Please return each of the entries exactly, minus their pictures.

*** Extracted entries

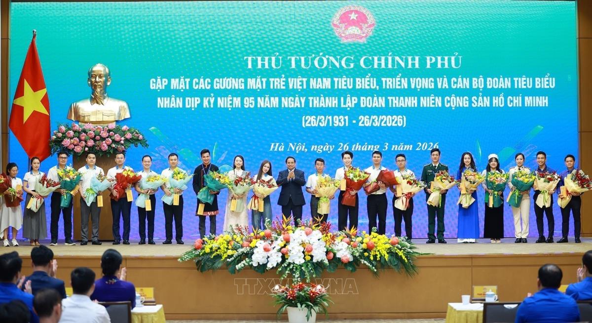 Hà Nội (TTXVN 26/3/2026) Nhân kỷ niệm 95 năm Ngày thành lập Đoàn Thanh niên cộng sản Hồ Chí Minh (26/3/1931-26/3/2026), chiều 26/3/2026, tại Hà Nội, Thủ tướng Phạm Minh Chính gặp mặt Gương mặt trẻ Việt Nam tiêu biểu, triển vọng và cán bộ Đoàn tiêu biểu.
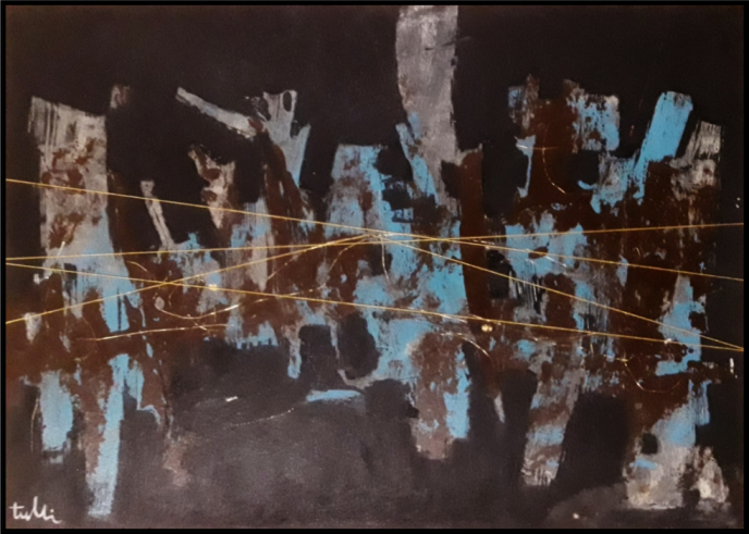 TULLI WLADIMIRO Macerata 1922 - 2003 "Bruno viaggia in nero, oro non sempre" Acrilico e collage su tavola cm 70x50 del 1963. Firmato sul fronte in basso a sinistra. Sul retro firma, data ed etichetta del 3° Premio Scipione Nazionale di pittura (Macerata 1965). Autentica su foto.
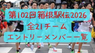 第102回箱根駅伝2026のエントリーメンバー16人を、全21チーム(20校+関東学生連合)まとめて確認できる一覧記事です。大会日程や出場校、チームエントリーと区間エントリーの違いも整理。推し大学の登録メンバーをチェックしたい方に役立つ内容です。
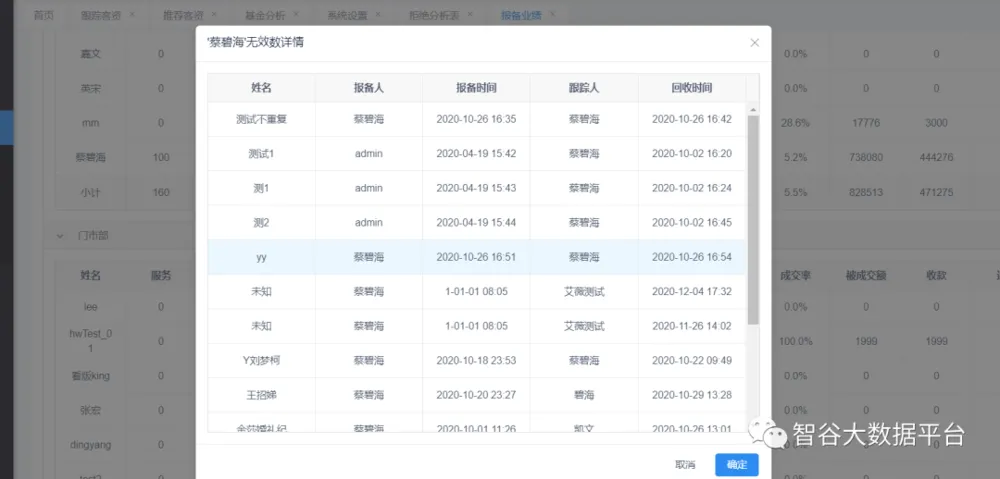 3.报备业绩新增点击'无效数'列弹出框显示无效数详情列表
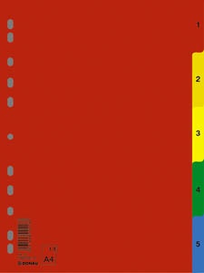 Regiszter, műanyag, A4, 1-5, DONAU, színes
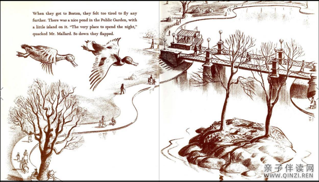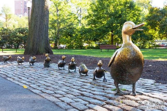 你知道美国波士顿人有多爱罗伯特的这本《让路给小鸭子》。1987年,人们专门在波士顿的公共花园安放了鸭妈妈和鸭宝宝的雕像,让鸭子一家永久的陪伴波士顿人。
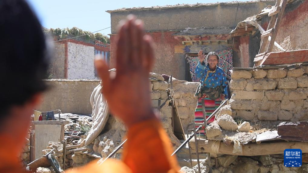 古曲扎巴為孤寡老人央珍(右)送去牛糞燃料后向她道別(2019年9月20日攝)。新華社發(fā)
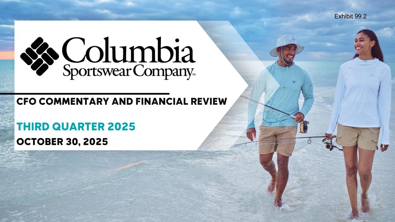 This presentation does not constitute an offer or invitation for the sale or purchase of securities and has been prepared solely for informational purposes . This presentation contains forward - looking statements within the meaning of the federal securities laws regarding Columbia Sportswear Company’s business opportunities and anticipated results of operations . Forward - looking statements generally relate to future events or our future financial or operating performance . In some cases, you can identify forward - looking statements because they contain words such as “may,” “might,” “will,” “would,” “should,” “expect,” “plan,” “anticipate,” “could,” “intend,” “target,” “project,” “contemplate,” “believe,” “estimate,” “predict,” “likely,” “potential” or “continue” or the negative of these words or other similar terms or expressions that concern our expectations, strategy, plans or intentions . Unless the context indicates otherwise, the terms "we," "us," "our," "the Company," and "Columbia" refer to Columbia Sportswear Company, together with its wholly owned subsidiaries and entities in which it maintains a controlling financial interest . The Company's expectations, beliefs and projections are expressed in good faith and are believed to have a reasonable basis ; however, each forward - looking statement involves a number of risks and uncertainties, including those set forth in this document, those described in the Company's Annual Report on Form 10 - K and Quarterly Reports on Form 10 - Q under the heading "Risk Factors," and those that have been or may be described in other reports filed by the Company, including reports on Form 8 - K. Potential risks and uncertainties that may affect our future revenues, earnings and performance and could cause the actual results of operations or financial condition of the Company to differ materially from the anticipated results expressed or implied by forward - looking statements in this document include : loss of key customer accounts ; our ability to execute the ACCELERATE Growth Strategy ; our ability to execute and realize costs savings related to our Profit Improvement Plan ; our ability to effectively execute our business strategies, including initiatives to upgrade our business processes and information technology (“IT”) systems and investments in our DTC businesses ; our ability to maintain the strength and security of our IT systems ; the effects of unseasonable weather, including global climate change ; the seasonality of our business and timing of orders ; trends affecting consumer spending, including changes in the level of consumer spending, and retail traffic patterns ; unfavorable economic conditions generally ; the financial health of our customers and retailer consolidation ; higher than expected rates of order cancellations ; changes affecting consumer demand and preferences and fashion trends ; changes in international, federal or state tax, labor and other laws and regulations that affect our business, including changes in corporate tax rates, tariffs, international trade policy and geopolitical tensions, or increasing wage rates ; our ability to attract and retain key personnel ; risks inherent in doing business in foreign markets, including fluctuations in currency exchange rates, global credit market conditions, changes in global regulation and economic and political conditions and disease outbreaks ; volatility in global production and transportation costs and capacity and timing ; our ability to effectively manage our inventory and our wholesale customers' to manage their inventories ; our dependence on third - party manufacturers and suppliers and our ability to source at competitive prices from them or at all ; the effectiveness of our sales and marketing efforts ; business disruptions and acts of terrorism, cyber - attacks or military activities around the globe ; intense competition in the industry ; our ability to establish and protect our intellectual property ; and our ability to develop innovative products . The Company cautions that forward - looking statements are inherently less reliable than historical information . New risks and uncertainties emerge from time to time and it is not possible for the Company to predict all risks and uncertainties that could have an impact on the forward - looking statements contained in this presentation . Nothing in this presentation should be regarded as a representation by any person that the forward - looking statements set forth herein will be achieved or that any of the contemplated results of such forward - looking statements will be achieved . You should not place undue reliance on forward - looking statements, which speak only as of the date they are made . We do not undertake any duty to update any of the forward - looking statements after the date of this document to conform the forward - looking statements to actual results or to changes in our expectations . FORWARD - LOOKING STATEMENTS
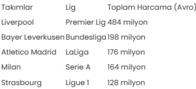 İngiltere'de Liverpool, Almanya'da Bayer Leverkusen, İspanya'da Atletico Madrid, İtalya'da Milan, Fransa'da Strasbourg liglerinde en fazla harcama yapan takımlar olarak dikkat çekti. Süper Lig'de ise Galatasaray, 148 milyon avroluk transfer harcamasıyla Strasbourg'un önüne geçti.
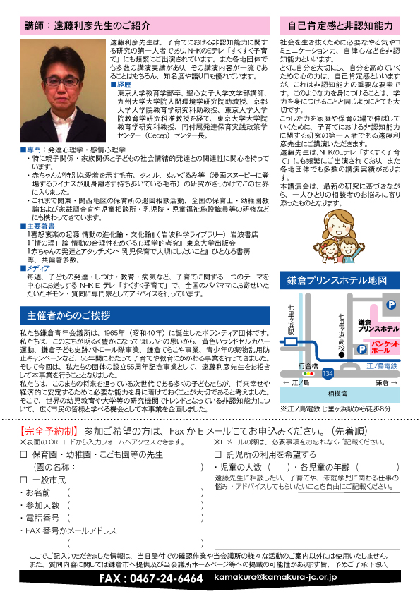 講演会「子どもの自己肯定感と非認知能力を伸ばす子育てと教育」の開催・参加者募集中 〜 2019年10月20日に掲載しました
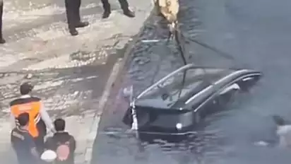 Mobil listrik itu terpental usai menabrak pembatas jalan hingga akhirnya tercebur ke dalam kolam air mancur Bundaran HI.
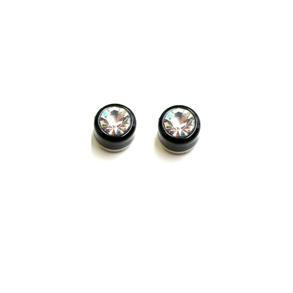 Earrings Magnetic Black with Press Fit 4mm Cubic Zirconia -Sold as a Pair
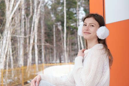 teenager girl sitting on a staicase of a forest modern house and looking at camera. girl wearing white fluffy earmuffs and casual pullover relaxing outdoors near her home. beautiful girl portrait.

******

**Solution below**:
 Hà Nội (TTXVN 26/3/2026) Nhân kỷ niệm 95 năm Ngày thành lập Đoàn Thanh niên cộng sản Hồ Chí Minh (26/3/1931-26/3/2026), chiều 26/3/2026, tại Hà Nội, Thủ tướng Phạm Minh Chính gặp mặt Gương mặt trẻ Việt Nam tiêu biểu, triển vọng và cán bộ Đoàn tiêu biểu.
 TULLI WLADIMIRO Macerata 1922 - 2003 "Bruno viaggia in nero, oro non sempre" Acrilico e collage su tavola cm 70x50 del 1963. Firmato sul fronte in basso a sinistra. Sul retro firma, data ed etichetta del 3° Premio Scipione Nazionale di pittura (Macerata 1965). Autentica su foto.
 第102回箱根駅伝2026のエントリーメンバー16人を、全21チーム(20校+関東学生連合)まとめて確認できる一覧記事です。大会日程や出場校、チームエントリーと区間エントリーの違いも整理。推し大学の登録メンバーをチェックしたい方に役立つ内容です。
 3.报备业绩新增点击'无效数'列弹出框显示无效数详情列表
 Regiszter, műanyag, A4, 1-5, DONAU, színes
 你知道美国波士顿人有多爱罗伯特的这本《让路给小鸭子》。1987年,人们专门在波士顿的公共花园安放了鸭妈妈和鸭宝宝的雕像,让鸭子一家永久的陪伴波士顿人。
 古曲扎巴為孤寡老人央珍(右)送去牛糞燃料后向她道別(2019年9月20日攝)。新華社發(fā)
 This presentation does not constitute an offer or invitation for the sale or purchase of securities and has been prepared solely for informational purposes . This presentation contains forward - looking statements within the meaning of the federal securities laws regarding Columbia Sportswear Company’s business opportunities and anticipated results of operations . Forward - looking statements generally relate to future events or our future financial or operating performance . In some cases, you can identify forward - looking statements because they contain words such as “may,” “might,” “will,” “would,” “should,” “expect,” “plan,” “anticipate,” “could,” “intend,” “target,” “project,” “contemplate,” “believe,” “estimate,” “predict,” “likely,” “potential” or “continue” or the negative of these words or other similar terms or expressions that concern our expectations, strategy, plans or intentions . Unless the context indicates otherwise, the terms "we," "us," "our," "the Company," and "Columbia" refer to Columbia Sportswear Company, together with its wholly owned subsidiaries and entities in which it maintains a controlling financial interest . The Company's expectations, beliefs and projections are expressed in good faith and are believed to have a reasonable basis ; however, each forward - looking statement involves a number of risks and uncertainties, including those set forth in this document, those described in the Company's Annual Report on Form 10 - K and Quarterly Reports on Form 10 - Q under the heading "Risk Factors," and those that have been or may be described in other reports filed by the Company, including reports on Form 8 - K. Potential risks and uncertainties that may affect our future revenues, earnings and performance and could cause the actual results of operations or financial condition of the Company to differ materially from the anticipated results expressed or implied by forward - looking statements in this document include : loss of key customer accounts ; our ability to execute the ACCELERATE Growth Strategy ; our ability to execute and realize costs savings related to our Profit Improvement Plan ; our ability to effectively execute our business strategies, including initiatives to upgrade our business processes and information technology (“IT”) systems and investments in our DTC businesses ; our ability to maintain the strength and security of our IT systems ; the effects of unseasonable weather, including global climate change ; the seasonality of our business and timing of orders ; trends affecting consumer spending, including changes in the level of consumer spending, and retail traffic patterns ; unfavorable economic conditions generally ; the financial health of our customers and retailer consolidation ; higher than expected rates of order cancellations ; changes affecting consumer demand and preferences and fashion trends ; changes in international, federal or state tax, labor and other laws and regulations that affect our business, including changes in corporate tax rates, tariffs, international trade policy and geopolitical tensions, or increasing wage rates ; our ability to attract and retain key personnel ; risks inherent in doing business in foreign markets, including fluctuations in currency exchange rates, global credit market conditions, changes in global regulation and economic and political conditions and disease outbreaks ; volatility in global production and transportation costs and capacity and timing ; our ability to effectively manage our inventory and our wholesale customers' to manage their inventories ; our dependence on third - party manufacturers and suppliers and our ability to source at competitive prices from them or at all ; the effectiveness of our sales and marketing efforts ; business disruptions and acts of terrorism, cyber - attacks or military activities around the globe ; intense competition in the industry ; our ability to establish and protect our intellectual property ; and our ability to develop innovative products . The Company cautions that forward - looking statements are inherently less reliable than historical information . New risks and uncertainties emerge from time to time and it is not possible for the Company to predict all risks and uncertainties that could have an impact on the forward - looking statements contained in this presentation . Nothing in this presentation should be regarded as a representation by any person that the forward - looking statements set forth herein will be achieved or that any of the contemplated results of such forward - looking statements will be achieved . You should not place undue reliance on forward - looking statements, which speak only as of the date they are made . We do not undertake any duty to update any of the forward - looking statements after the date of this document to conform the forward - looking statements to actual results or to changes in our expectations . FORWARD - LOOKING STATEMENTS
 İngiltere'de Liverpool, Almanya'da Bayer Leverkusen, İspanya'da Atletico Madrid, İtalya'da Milan, Fransa'da Strasbourg liglerinde en fazla harcama yapan takımlar olarak dikkat çekti. Süper Lig'de ise Galatasaray, 148 milyon avroluk transfer harcamasıyla Strasbourg'un önüne geçti.
 講演会「子どもの自己肯定感と非認知能力を伸ばす子育てと教育」の開催・参加者募集中 〜 2019年10月20日に掲載しました
 Mobil listrik itu terpental usai menabrak pembatas jalan hingga akhirnya tercebur ke dalam kolam air mancur Bundaran HI.
 Earrings Magnetic Black with Press Fit 4mm Cubic Zirconia -Sold as a Pair
 teenager girl sitting on a staicase of a forest modern house and looking at camera. girl wearing white fluffy earmuffs and casual pullover relaxing outdoors near her home. beautiful girl portrait.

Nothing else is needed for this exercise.